PROBLEM REQUIREMENTS | Give again, unaltered, the line with "Larger Group Booth" and all lines that follow it in the listing below, minus any pictures.

RAW DATA |
▶

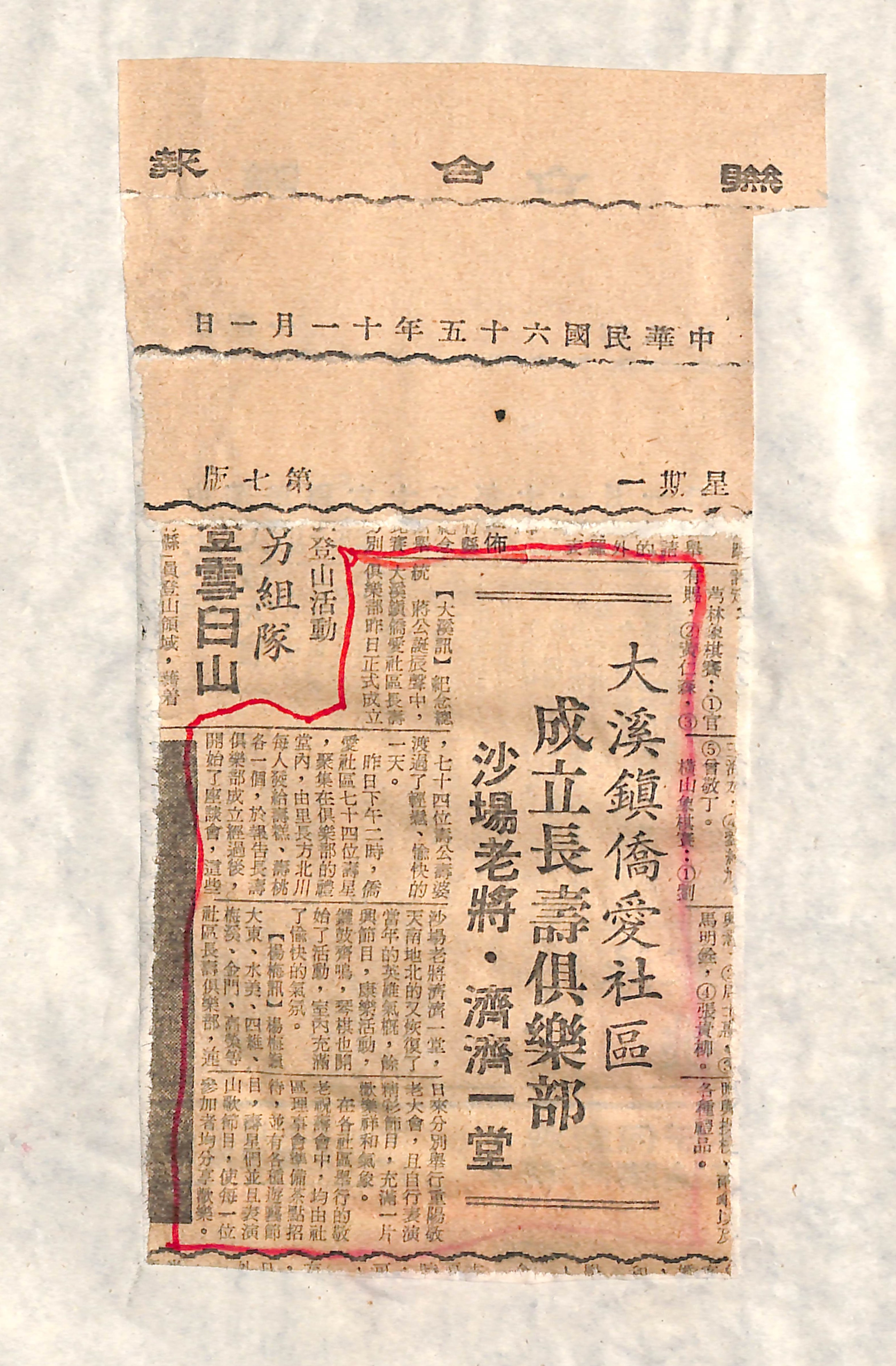 此為桃園市大溪區僑愛社區活動中心藏原僑愛新村剪報,內容為民國65年(1976)11月1日《聯合報》第7版的〈大溪僑愛社區 成立長壽俱樂部 沙場老將‧濟濟一堂〉。僑愛新村,民國46年(1957)建,由當時的總統夫人蔣宋美齡所領導的中華婦女反共抗俄聯合會號召菲律賓華僑所捐建,故名。按《聯合報》載,在紀念總統 蔣公誕辰聲中,大溪鎮僑愛社區長壽俱樂部於民國65年10月31日正式成立,74位壽公壽婆聚集在禮堂內,由里長方北川每人發給壽糕、壽桃各1個,並於報告長壽俱樂部成立經過後開始座談會,這些沙場老將齊聚一堂,天南地北的,又恢復了當年的英雄氣概,餘興節目,康樂活動,鑼鼓齊鳴,琴棋也開始了活動,室內充滿愉快氣氛,渡過輕鬆愉快的一天。
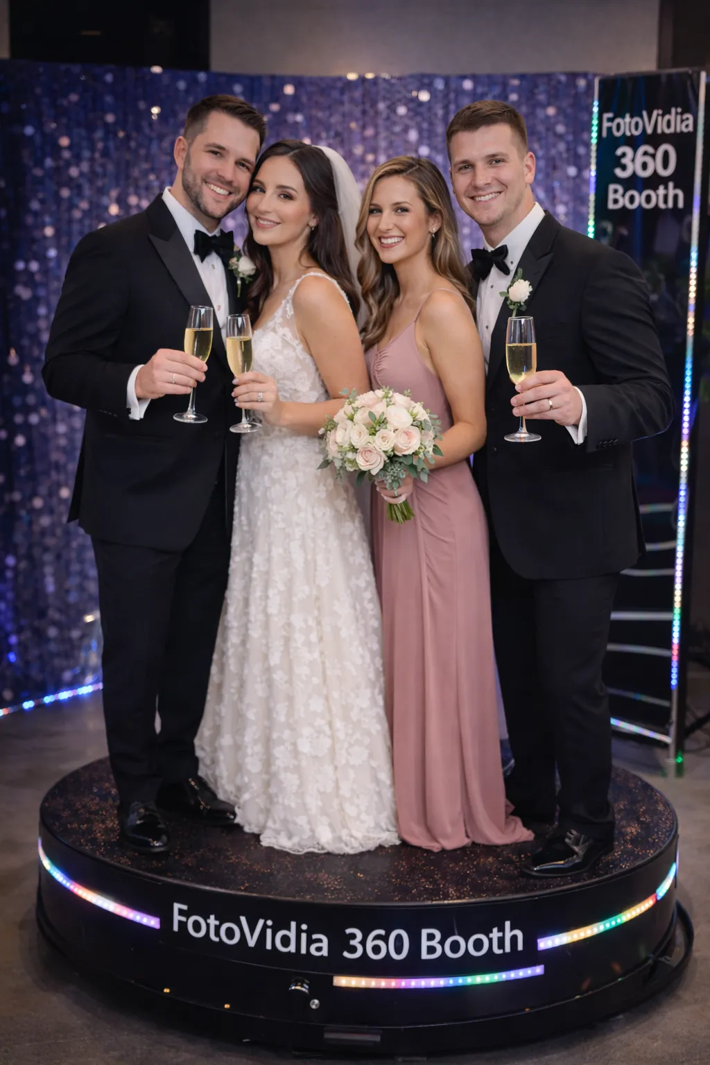 Larger Group Booth up to 10+ Guests platform captures dynamic group photos and interactions with style. Gather your guests, and enjoy the fun, laughter, and energy that make every event unforgettable.
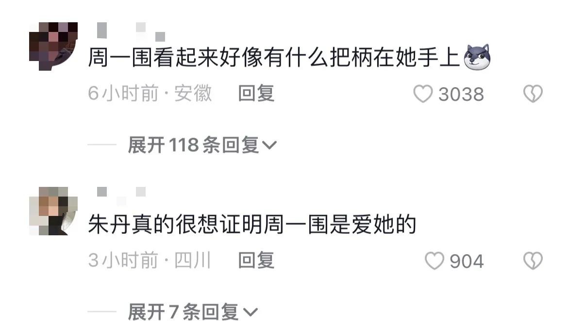 之后两人合体出现的情况更是少之又少,周一围期间还传过和其他女生的绯闻,说朱丹演技不太好的言论也被翻出来被指看不起朱丹等等。

◀

ANSWER TO THIS PROBLEM |
 Larger Group Booth up to 10+ Guests platform captures dynamic group photos and interactions with style. Gather your guests, and enjoy the fun, laughter, and energy that make every event unforgettable.
 之后两人合体出现的情况更是少之又少,周一围期间还传过和其他女生的绯闻,说朱丹演技不太好的言论也被翻出来被指看不起朱丹等等。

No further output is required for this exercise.